Is there a conf setting for the --preferred-chain "ISRG Root X1" option, so that certbot on next renewal doesn't re-add the expired root?

I removed it manually, and now DOT on my Samsung S10+ is happy to run through Stunnel again, but it will be annoying if that breaks again in three months.

I only have certbot version 0.40.0 and Linux Mint doesn't have a newer version available.

Osiris · October 3, 2021, 10:04am

Note that the --preferred-chain command line option isn't available for certbot 0.40.0: it's way too old. Perhaps you could use other methods of installing certbot. E.g., the currently recommended way is using "snap". Or perhaps using pip. See https://certbot.eff.org/ for more info.

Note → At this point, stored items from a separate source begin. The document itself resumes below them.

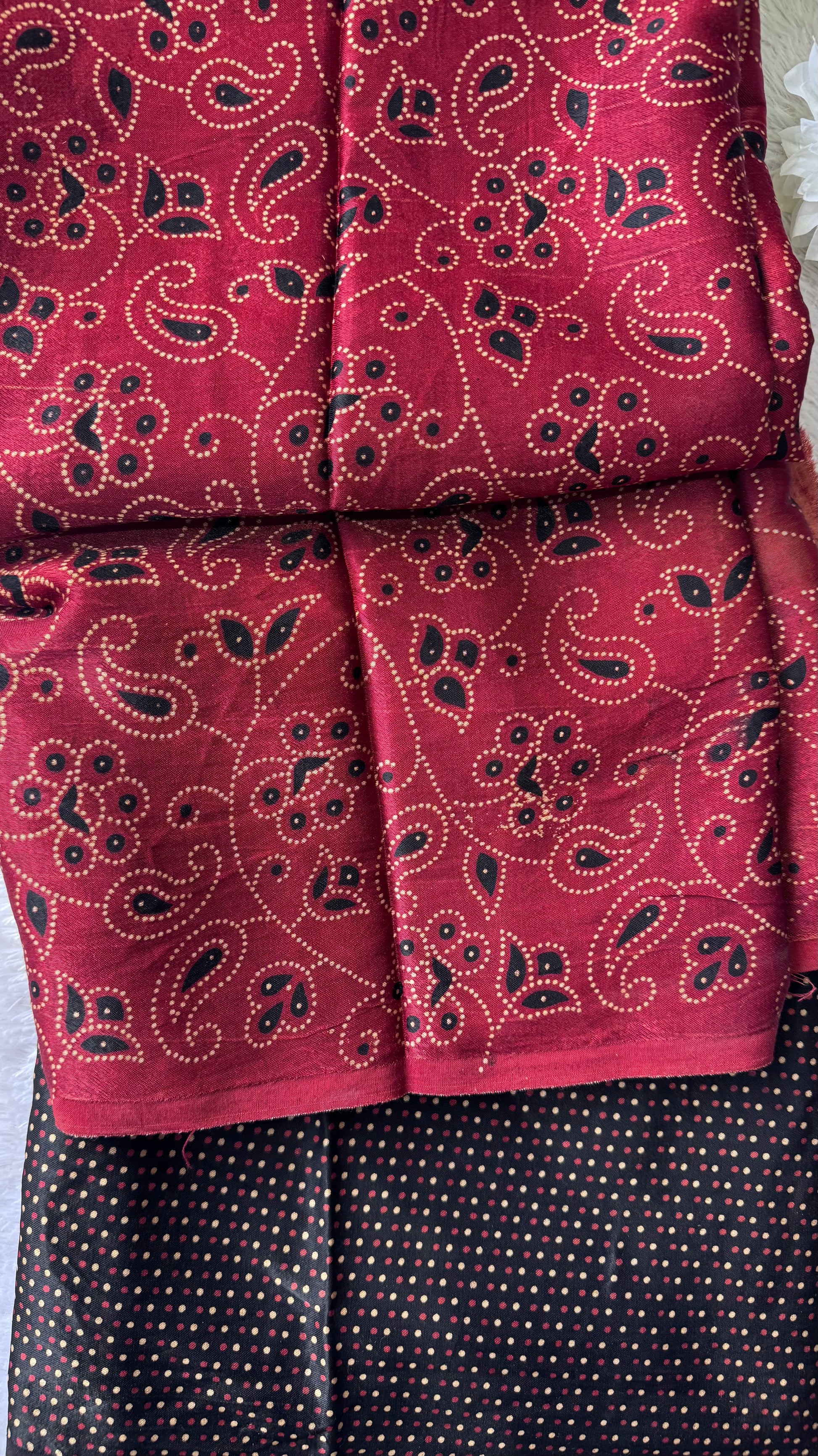 Maddar Red and Black Floral Motif Ajrakh Mashru Silk Kurta Pant Fabric
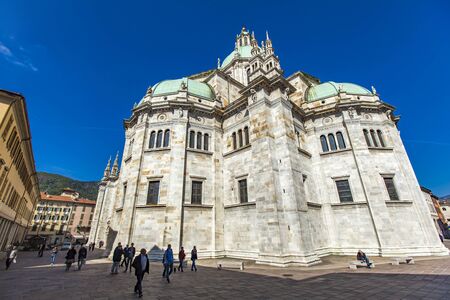 COMO, ITALY - APRIL 23, 2017: Unidentified people by Como Cathedral (Duomo di Como) in Como, Italy. It is is Roman Catholic cathedral opened at 1396.
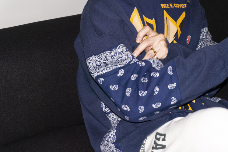 East oklm, The hand remake garments로 아메리칸 빈티지 스웻셔츠들을 해체하고 재구성하여 반다나로 포인트를 만든 상품.
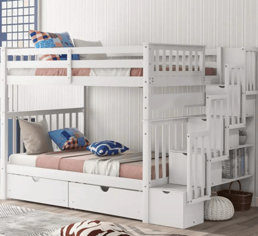 TWIN OVER TWIN BUNKBED WITH SIDE STAIRS AND 4 DRAWER CHEST INSIDE

Also, selecting a different chain through the command line without forcibly renewing the certificate is not possible unfortunately. It's possible to edit the renewal configuration file manually though, but you'd need certbot 1.12.0 or newer.

NoSubstitute · October 3, 2021, 10:31am

Using snap worked like a charm. Now my phone is happily running DOT through Stunnel.

Osiris · October 3, 2021, 10:34am

Note that "just installing certbot using snap" does not actually set the --preferred-chain "ISRG Root X1" option! It's just that a recent version of certbot is required for support for the --preferred-chain command line option.

NoSubstitute · October 3, 2021, 10:37am

Yes, but running it with that option did push the option into the conf automatically. I didn't have to add the option manually.